Just a complex Complex product

[Dinheiro]

Homework Statement

Find x
$x = (1 + \frac{1+i}{2})(1 + (\frac{1+i}{2})^{2})(1 + (\frac{1+i}{2})^{2^{2}})...(1 + (\frac{1+i}{2})^{2^{n}})$

Homework Equations

Complex algebra equations

The Attempt at a Solution

Me again and another olympic question. I've tried some trigonometric substitutions, even expand; yet, nothing

 

[SammyS]

Homework Statement

Find x
$x = (1 + \frac{1+i}{2})(1 + (\frac{1+i}{2})^{2})(1 + (\frac{1+i}{2})^{2^{2}})...(1 + (\frac{1+i}{2})^{2^{n}})$

Homework Equations

Complex algebra equations

The Attempt at a Solution

Me again and another olympic question. I've tried some trigonometric substitutions, even expand; yet, nothing

How about showing some of those results?

 

[Ray Vickson]

Homework Statement

Find x
$x = (1 + \frac{1+i}{2})(1 + (\frac{1+i}{2})^{2})(1 + (\frac{1+i}{2})^{2^{2}})...(1 + (\frac{1+i}{2})^{2^{n}})$

Homework Equations

Complex algebra equations

The Attempt at a Solution

Me again and another olympic question.
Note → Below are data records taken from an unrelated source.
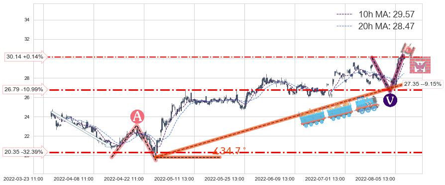 ♘ 在最后的上升阶段2022-04-26 14:00至2022-08-12 14:00存在 持续未破位的支撑位 ,支撑价格27.35,支撑可信任强度82.28%,其距离最后价格30.10相差 -9.15%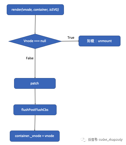 patch(container._vnode || null, vnode, container, null, null, null, isSVG)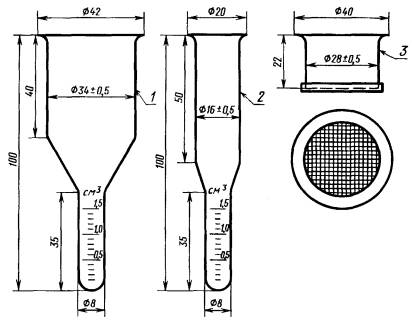 1 - большая пробирка; 2 - малая пробирка; 3 - стакан с ситом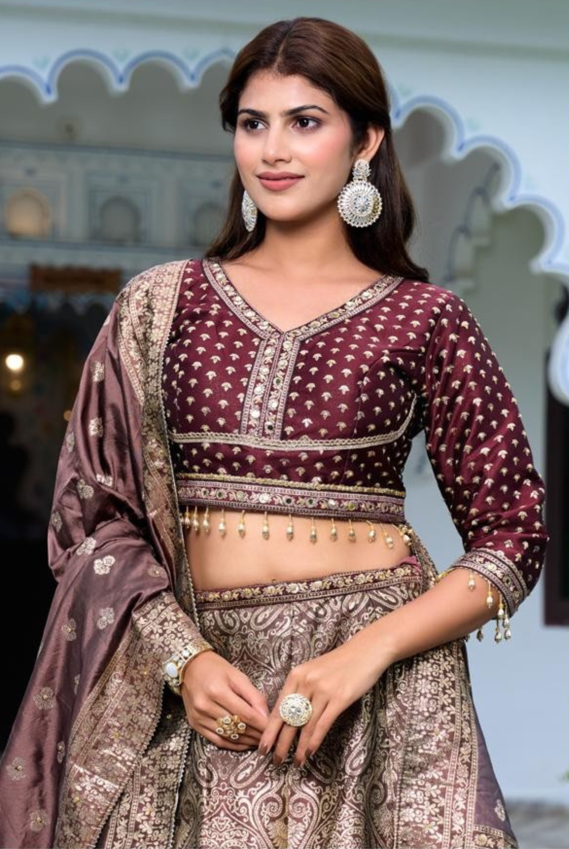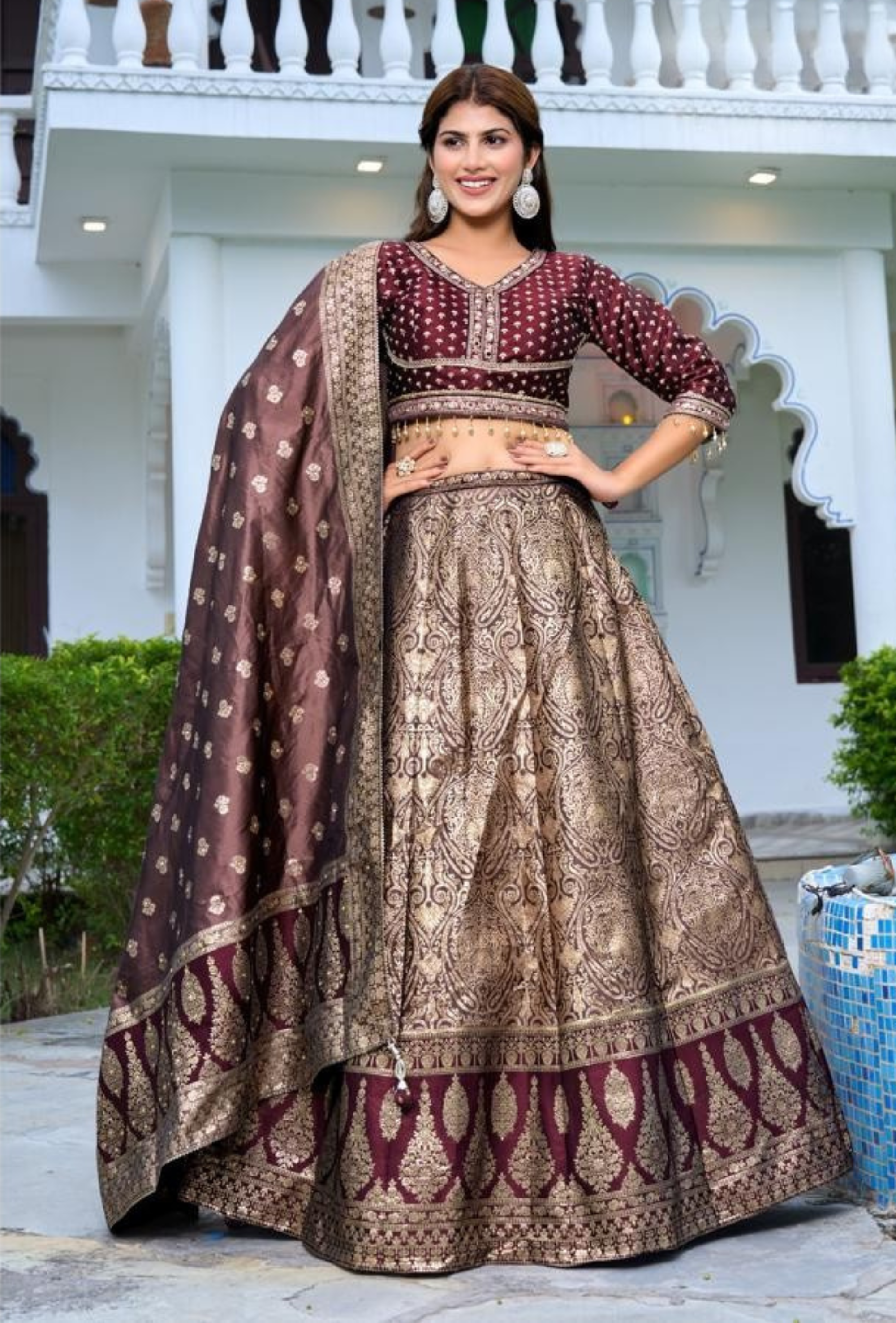 - Banarasi Silk Readymade Lehenga Choli crafted in a stunning light and dark purple combination.

I've tried some trigonometric substitutions, even expand; yet, nothing

For $z = (1+i)/2$, look at $z^2$. What does this tell you about $z^4, z^8, \ldots$?

 

[Dinheiro]

For $z = (1+i)/2$, look at $z^2$. What does this tell you about $z^4, z^8, \ldots$?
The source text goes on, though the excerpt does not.